Government announces the opt out window of 16 July – 15 October 2-18 and the guide to the secondary use of My Health Record system data
May 14, 2018 |
The My Health Record program, providing a summary of one’s personal health information which can be shared with health providers, has not been a public policy success story. The pick up rate has been poor, with about 20% covered but according to the article in last year’s Conversation Why aren’t more people using the My Health Record? it has only been used by a small percentage of consumers and not even to its intended capacity. It is not popular with the likely users of the system, general practitioners and hospitals who regard it as not fit for purpose. The privacy concerns regarding the My Health Records system have been long standing with articles highlighting the problems in 2015. There is considerable distrust of the system and its vulnerability to data breaches. particularly given its poor track record with 94 My Health Record related breaches since 2015 – 16.
Notwithstanding all of those difficulties he Government has decided to set an opt out period from 16 July to 15 October 2018. In addition the Government has released the Framework to guide the secondary use of My Health Record system data.
Today’s Zdnet article on the Opt out is probably the best summary and provides:
Australians will have from July 16 to October 15, 2018, to opt out of having an electronic health record.
Those choosing not to have a My Health Record can opt out at the My Health Record website or by calling 1800 723 471. So far, 5.7 million people are in the system.
“The protection of patient information is critical, and the My Health Record system has strong safeguards in place to protect the health data. It is also subject to some of the strongest legislation in the world to prevent unauthorised use,” the Australian Digital Health Agency said in a blog post.
“Australians can cancel their My Health Record at any time after the end of the opt-out period — or create one, if they opted out.”
Among the benefits touted by Minister for Health Greg Hunt for having an electronic record were “reduced duplication of tests, better coordination of care for people with chronic and complex conditions, and better informed treatment decisions”.
On Friday, the government published guidelines on the third-party use of data generated by My Health Record.
Direct access to or release of My Health Record data is only to the Australian entity, the guidelines state, and data released for secondary use is to be stored in a facility within Australia.
The framework restricts access to de-identified data, noting that it cannot be used solely for commercial and non-health-related purposes.
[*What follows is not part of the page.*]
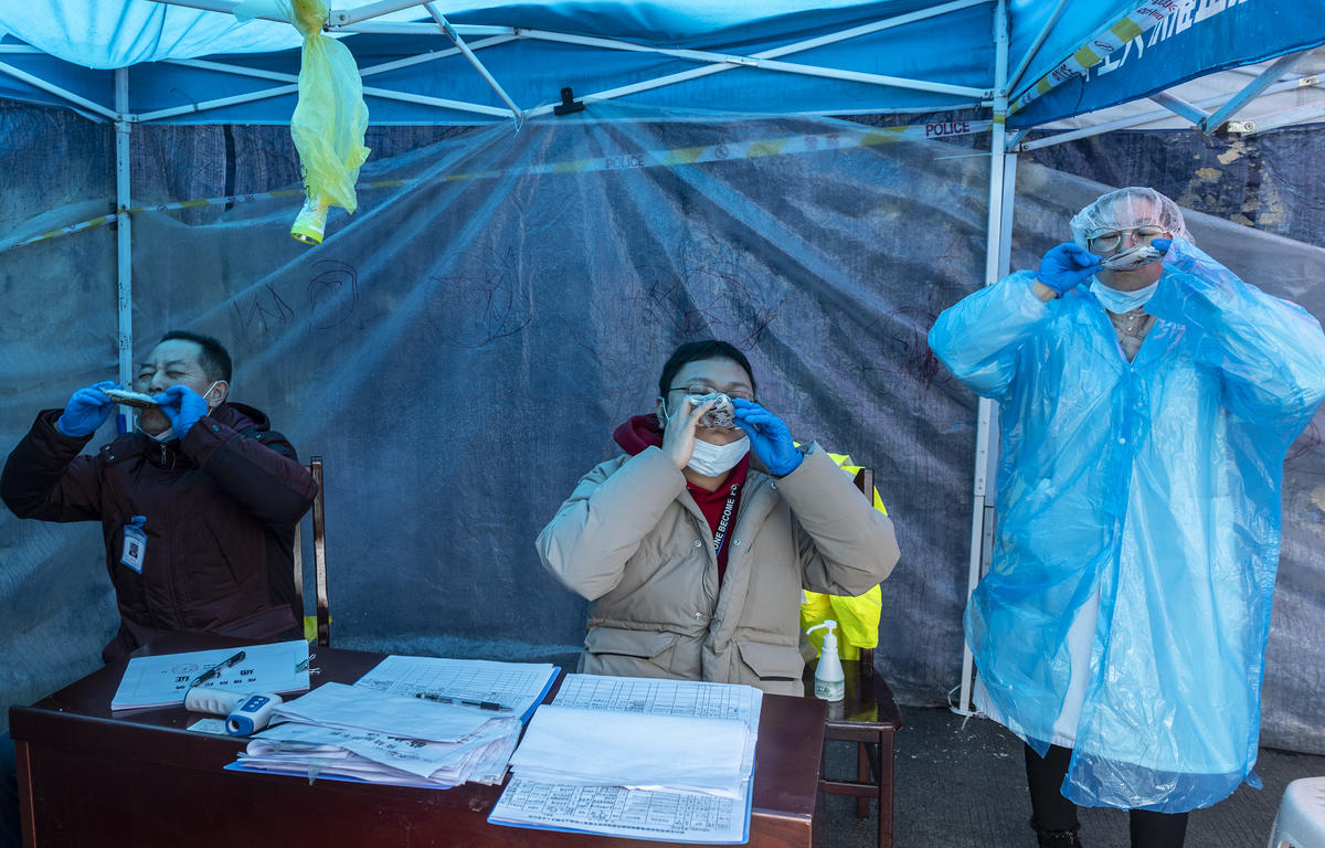 2月15日,秭归县翻坝高速港口疫情防控值勤点工作人员在喝中药。

Where a health record has been cancelled, the data also becomes unavailable for secondary use.
With health the highest breached sector in Australia since the country’s Notifiable Data Breaches (NDB) scheme came into effect earlier this year, the framework has included a contractual requirement that the entity using the My Health Record data report any data breaches or data loss to the Office of the Australian Information Commissioner, including advice on remedial actions to be taken under the NDB scheme.
Earlier on Monday, it was revealed by Family Planning NSW that the personal information of thousands of customers may have been compromised in a ransomware attack.
The organisation provides advice on contraception, pregnancy, and sexual health, and it is believed the databases breached contained information on around 8,000 clients who had contacted Family Planning NSW to make an appointment or leave feedback through its website.
Those potentially caught up in the breach would have accessed the organisation’s online services in the past two and a half years.
A review commissioned by former Health Minister Peter Dutton in 2013 recommended that the system that would become My Health Record be made opt-out, so that unless patients objected to it, their health records would be added into the system.
In 2016, then Victorian Commissioner for Privacy and Data Protection David Watts said the change was a “fundamental breach of trust”.
“I actually designed the regulatory system for e-health in Australia, and I swore black and blue … that we would never be an opt-out system, and always be an opt-in. And of course it’s now an opt-out system in order to drive take-up of e-health, because AU$4 billion had been spent on it and very few people had registered,” Watts said at the time.
“It says something about trust across government that those sorts of principles would be thrown away simply because a system’s not been used as much as it should be.”
The Australian government’s My Health Record data use guidelines require the data governance board to make case-by-case decisions on how the data can be used.